On the integration of manufacturing strategy: deconstructing Hoshin Kanri

DOI

10.1108/MRR-04-2018-0178

Document Type

Journal Article

Publication Date

3-20-2019

Publication Title

Management Research Review

Volume

42

Issue

3

First Page

412

Last Page

426

ISSN

20408269

Keywords

Hoshin Kanri, Manufacturing strategy, Operations strategy, Strategic decisions, Strategic management and leadership, Strategy deployment, Trade-offs

Abstract

Purpose: The purpose of this paper is to show that Hoshin Kanri has the potential to integrate the operations strategy literature into a coherent structure.
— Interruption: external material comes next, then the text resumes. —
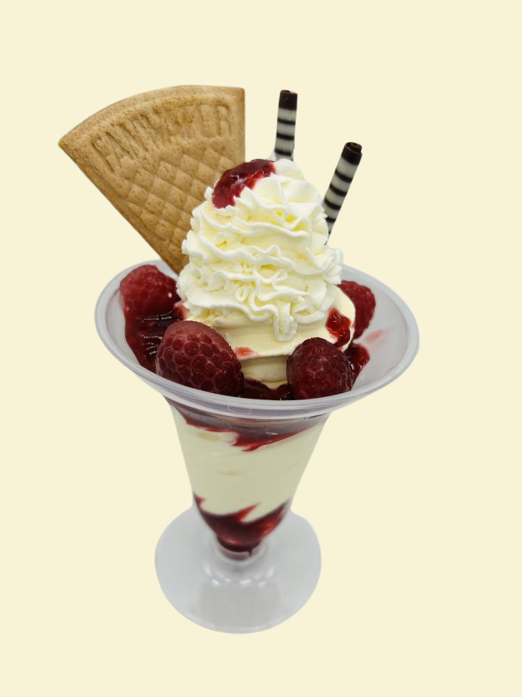 ●ラズベリーパフェ864円甘酸っぱいラズベリーソースと濃厚バニラとの相性は抜群です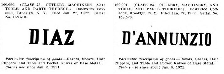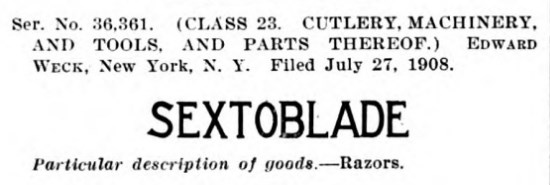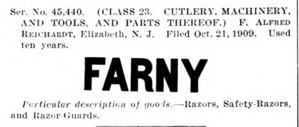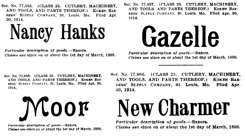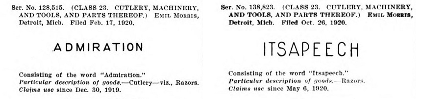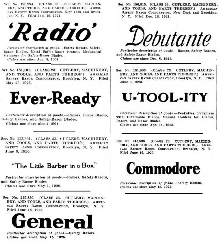 Пролистав Official gazette of the United States Patent Office, решил выписать от туда все фирмы, которые имеют отношение к бритвам (многие к безопасным бритвам) и скопировать их торговые марки.

Hoshin Kanri’s planning process is typically described as a top-down cascading of goals, starting with the senior management’s goals and moving to the lowest organizational level. The authors argue that this misrepresents a firm’s actual cognitive processes in practice because it implies reasoning from the effects to the cause, and assumes a direct causal relationship between what the customer wants and what is realizable by the system. Design/methodology/approach: This study is conceptual, based on abductive reasoning and the literature. Findings: The actual strategic thought process executed in an organization consists of three iterative processes: (i) a translation process that derives the desired customer attributes from customer/stakeholder data, (ii) a process of causal inference that predicts realizable customer attributes from a possible system design and (iii) an integrative process of strategic choices whereby (i) and (ii) are aligned. Each element relies on different cognitive processes (logical relation, causal relation and choice). Research limitations/implications: By aligning the thought and planning processes, the competing concepts of manufacturing strategy are integrated into a coherent structure. Practical implications: Different techniques have to be applied for each of the three elements. As each element relies on different cognitive processes (logical relation, causal relation and choice), the use of unifying tools (e.g. in the form of matrices, as often presented in the literature) is inappropriate. Originality/value: This is the first study to focus on the thought processes underpinning manufacturing strategy.